Gelgelelim yıpratıcı uykusuzluğuna çare arayan bilim kadını Yuna, geçmişine, kaderine ve en önemlisi de, bir kadın olarak tutkularına sahip çıkarak, beklenmedik bir şekilde gerçekleri sorgulamaya başlar. Topluma dayatılan kuralların, değişmez varsayılan yasaların, sonu gelmez sansürün mutlak olmadığını fark eden Yuna, sorumluluğunu üstlenip, deyim yerindeyse, güneşe açılan kapıyı aralamayı göze alacaktır.
Geçmişle hesaplaşmalar, düzenle çatışan tutkular ve insanı dönüştüren aşklar… Ayşe Kulin, okurlarını sarsıcı bir gelecek hayal etmeye davet ettiği Tutsak Güneş’te, genç bir kadının unutulmaz uyanış hikâyesini anlatıyor.


                                                                              YORUMUM
Her ne kadar fantastik bir kitap gibi görünse de benim için şu anda yaşadığımız Türkiye gerçeklerini gösteren bir kurgu gibi geldi. Güneşin önündeki "Gök Cisim"i özgürlüğümüz önündeki umutsuzluk. Bir uyanış hikayesi. Hepimiz gerçekleri gördüğümüz halde görmezden geliyoruz ve bu düzen bir kaos olmadığı için şükrediyoruz. Daha iyi bir yaşam tarzı olamayacağını çünkü bu düzene mahkum olduğumuzu düşünüyoruz. Hikayede ki başkaldırı göz çarpıcı çünkü mesaj çok açık, herkes direnişe katılırsa ve geri adım atmazsa bu özgürlüklerin önüne açacaktır. Ama hikayenin sonu bizim de şu anda korktuğumuz sonuca götürüyor.
İnsanlar biat etmekten vazgeçip Türkiye 'nin sürüklendiği sonu görürse bir şeyler değişebilir. Çok karamsar bir tablo çizdim ama kitabı bitirdikten sonra siz de diktatörlüğün kaldırılmasının bedeli olduğunu göreceksiniz. Herkese uyanışlar diliyorum. Özellikle de kadınlarımıza.

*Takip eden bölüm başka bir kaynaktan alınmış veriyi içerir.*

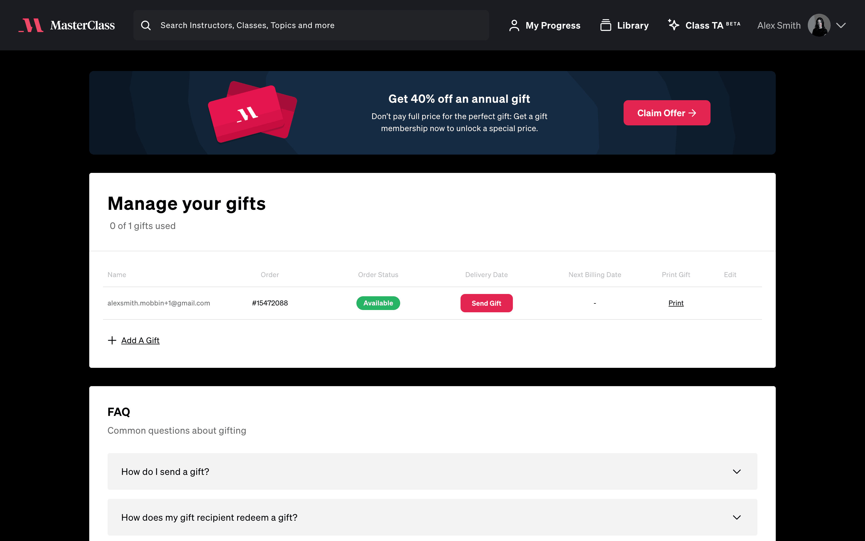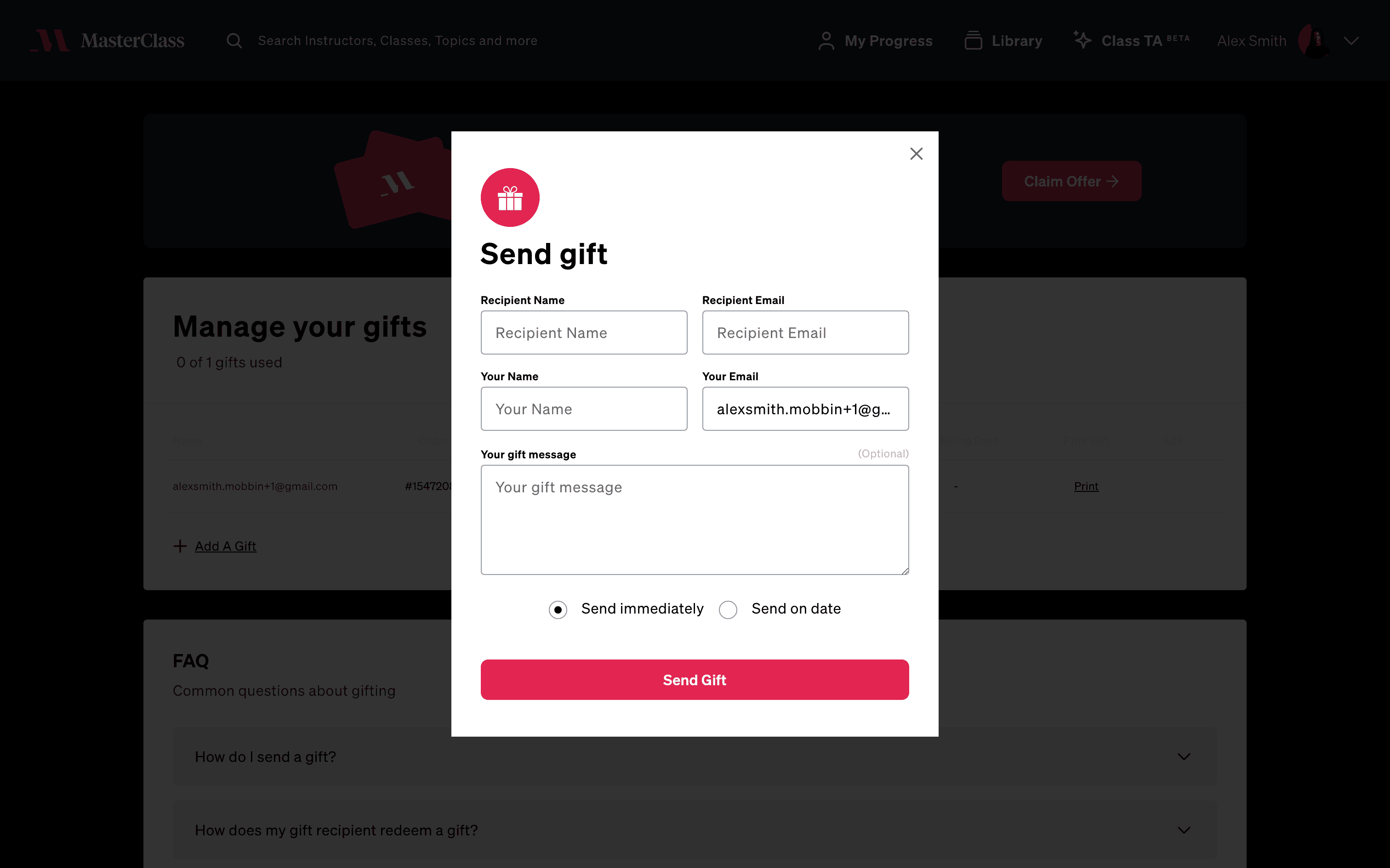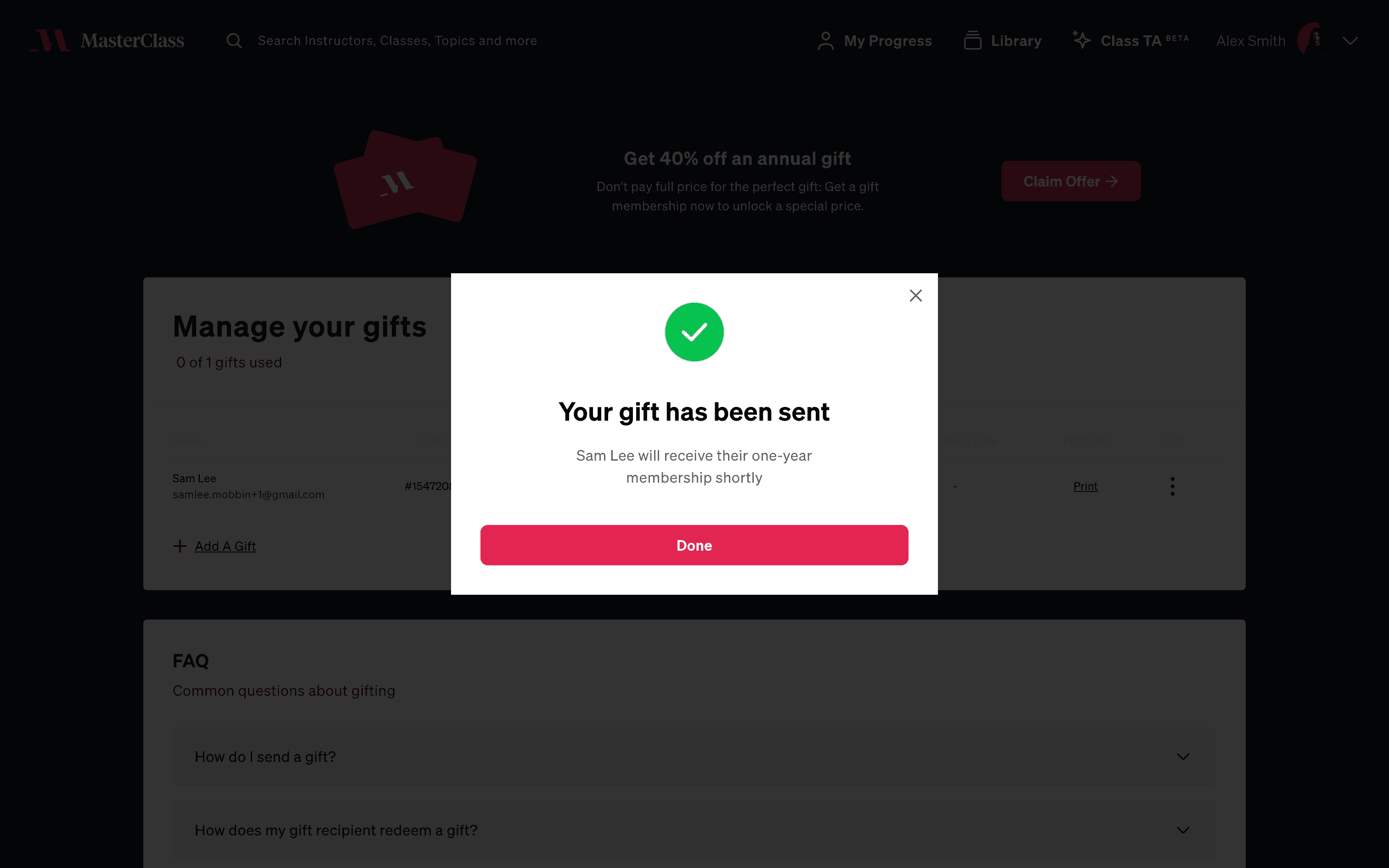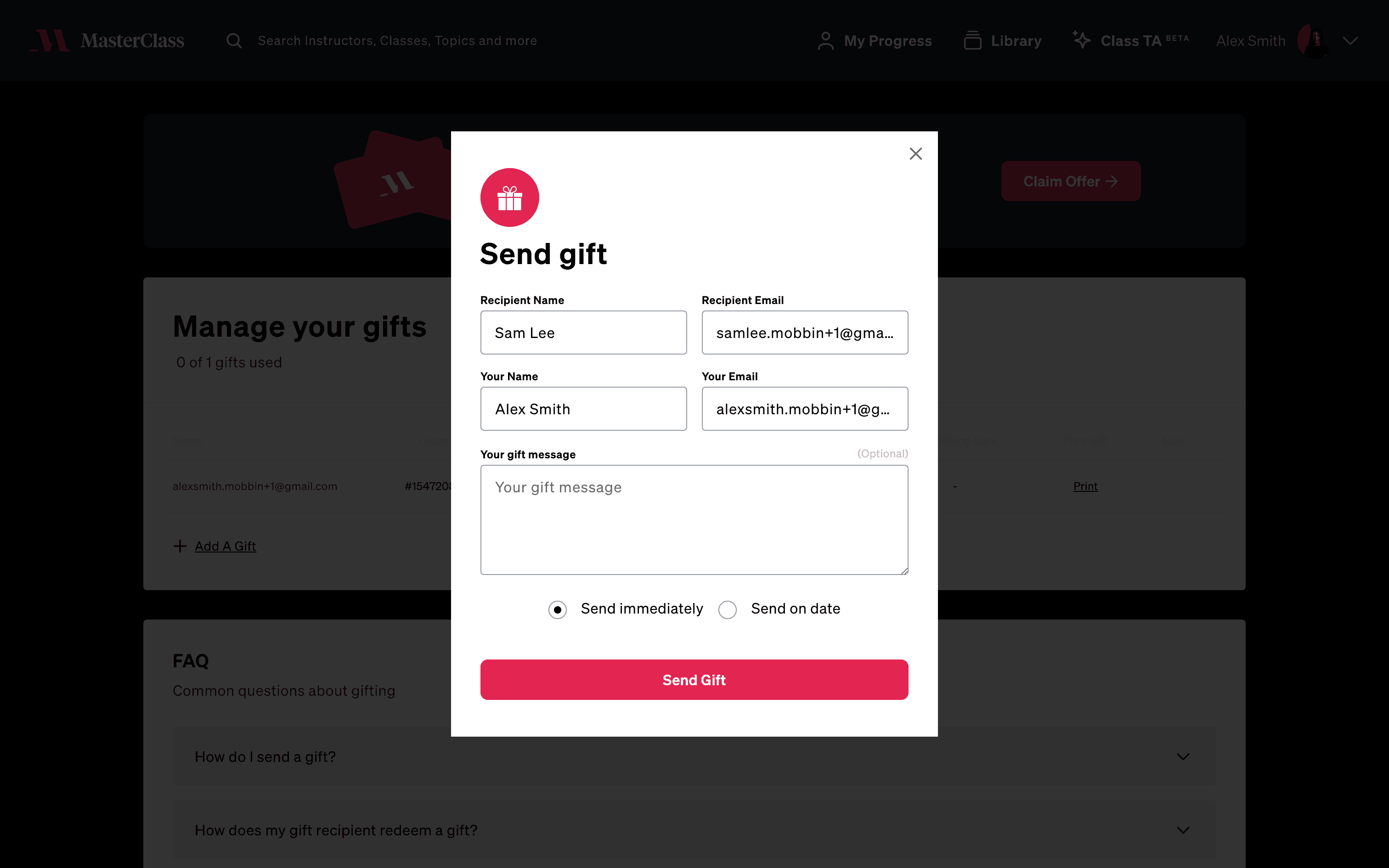 The user flow demonstrates sending a gift through Masterclass. It involves navigating to the gift management section, filling out recipient details, and confirming the gift delivery.

                                                                    Sevgilerle,Aygül Demir


                                                                                     MY REVIEW


Although it seems like a fantastic book, for me it is like a fiction showing the realities of Turkey we live in. The "Sky Body" in front of the sun  seems to me like a hopelessness in front of our freedom. It's an awakening story. We all come from ignorance when we see the facts, and we are thankful that this order is not a chaos. We think that we can not have a better life choice  because we are sentenced to this rejime. Striking in the story is striking  because the message is very clear, if everyone participates in resistance and does not step back, it will open the way up to  freedoms. But the story ends with what we are afraid of  these days. 
Something can change only if people give up the allegiance and see the end of Turkey is going to. I have drawn a very pessimistic picture, but once you have finished the book you will see that the dictatorship is worth the cost. 
I wish everyone to wake up. Especially  to women.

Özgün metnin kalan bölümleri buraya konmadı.